→ **EXCERPTED RECORDS**:
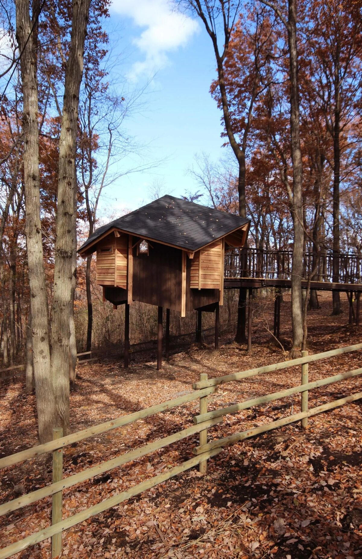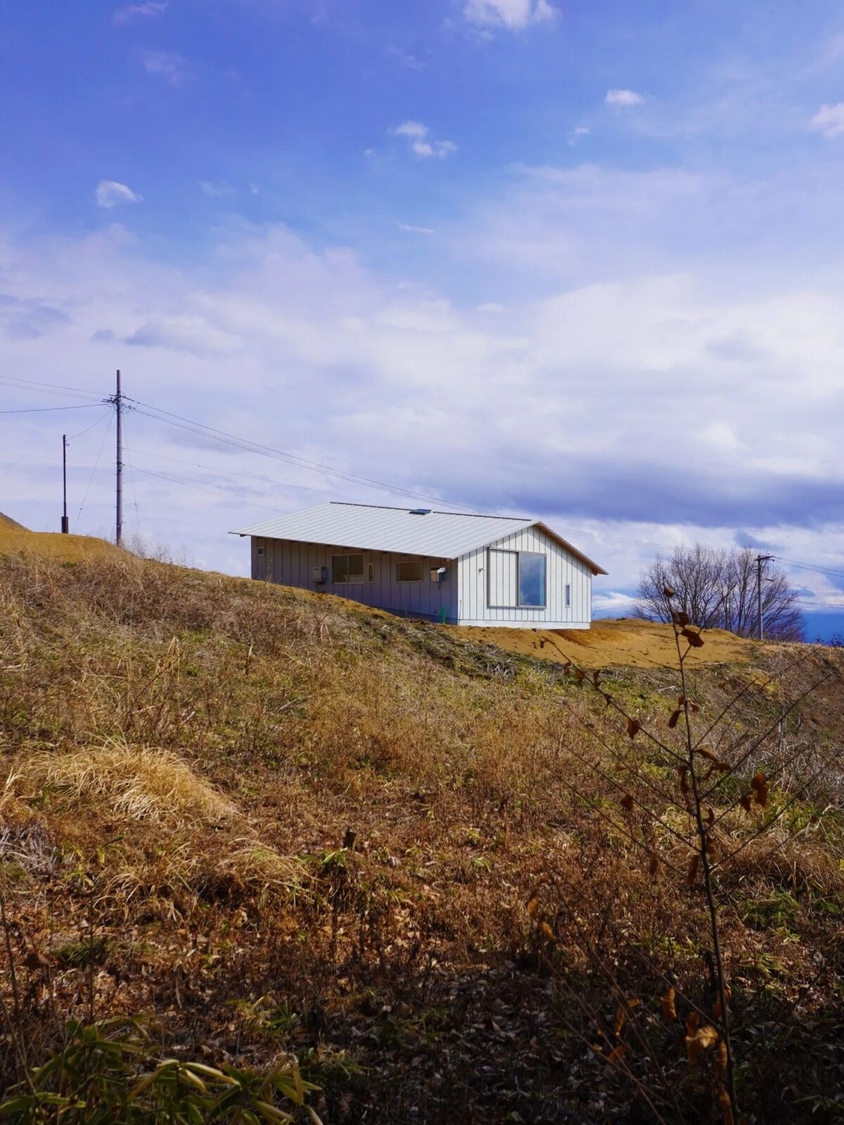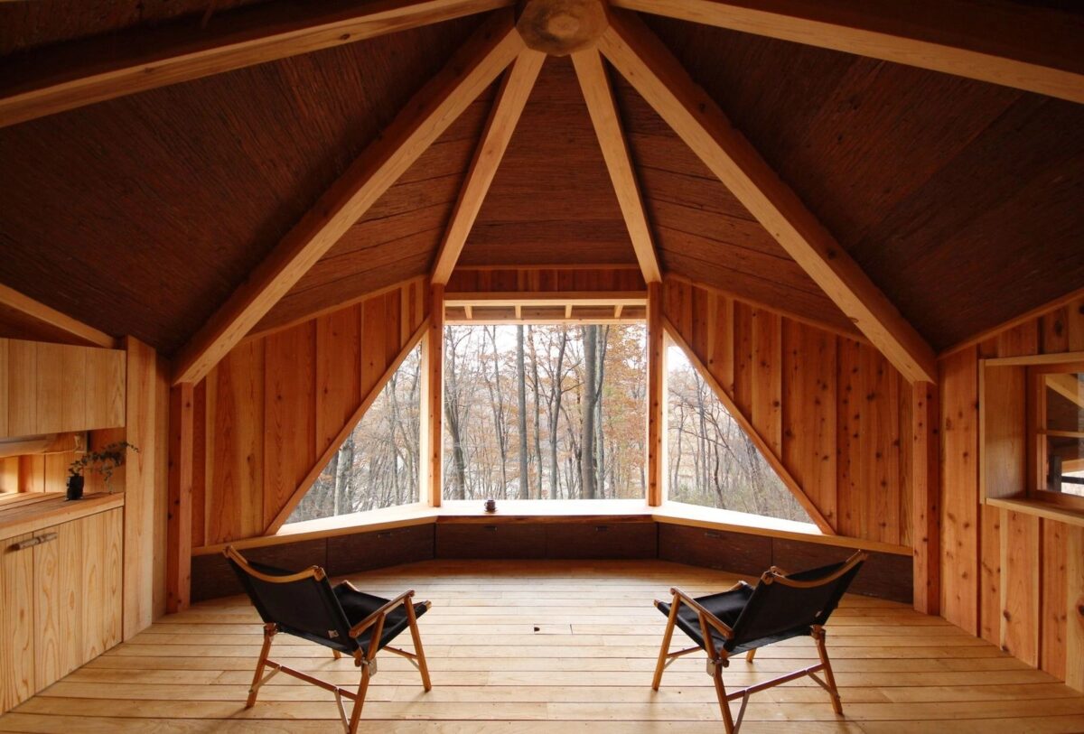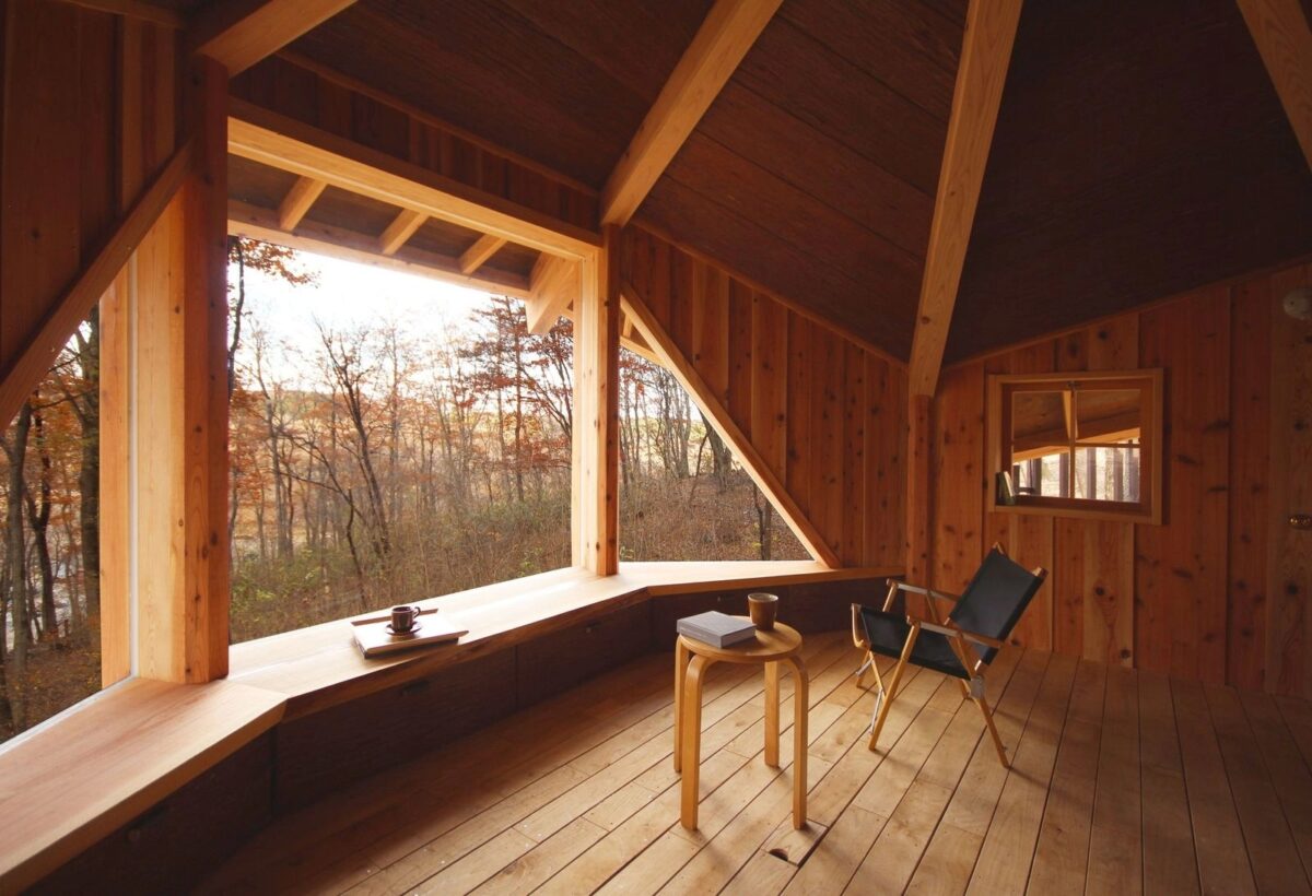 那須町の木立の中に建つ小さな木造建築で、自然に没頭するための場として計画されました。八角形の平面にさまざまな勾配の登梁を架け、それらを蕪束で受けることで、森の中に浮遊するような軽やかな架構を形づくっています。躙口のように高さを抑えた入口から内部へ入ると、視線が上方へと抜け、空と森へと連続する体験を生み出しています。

==

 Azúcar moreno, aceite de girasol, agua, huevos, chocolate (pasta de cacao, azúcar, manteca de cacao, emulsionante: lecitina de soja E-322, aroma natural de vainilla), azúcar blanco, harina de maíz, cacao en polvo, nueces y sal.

---

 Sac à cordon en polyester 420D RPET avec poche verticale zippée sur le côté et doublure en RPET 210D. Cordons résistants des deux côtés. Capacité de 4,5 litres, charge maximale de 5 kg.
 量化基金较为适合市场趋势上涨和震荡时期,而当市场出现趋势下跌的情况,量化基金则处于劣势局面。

→ **PROBLEM TO WORK ON**:
Could you reproduce, exactly, every line above from the line with "Sac à cordon" to the line with "量化基金较为适合市场趋势上涨", and no other line? Both ends count.

→ **EXERCISE SOLUTION**:
 Sac à cordon en polyester 420D RPET avec poche verticale zippée sur le côté et doublure en RPET 210D. Cordons résistants des deux côtés. Capacité de 4,5 litres, charge maximale de 5 kg.
 量化基金较为适合市场趋势上涨和震荡时期,而当市场出现趋势下跌的情况,量化基金则处于劣势局面。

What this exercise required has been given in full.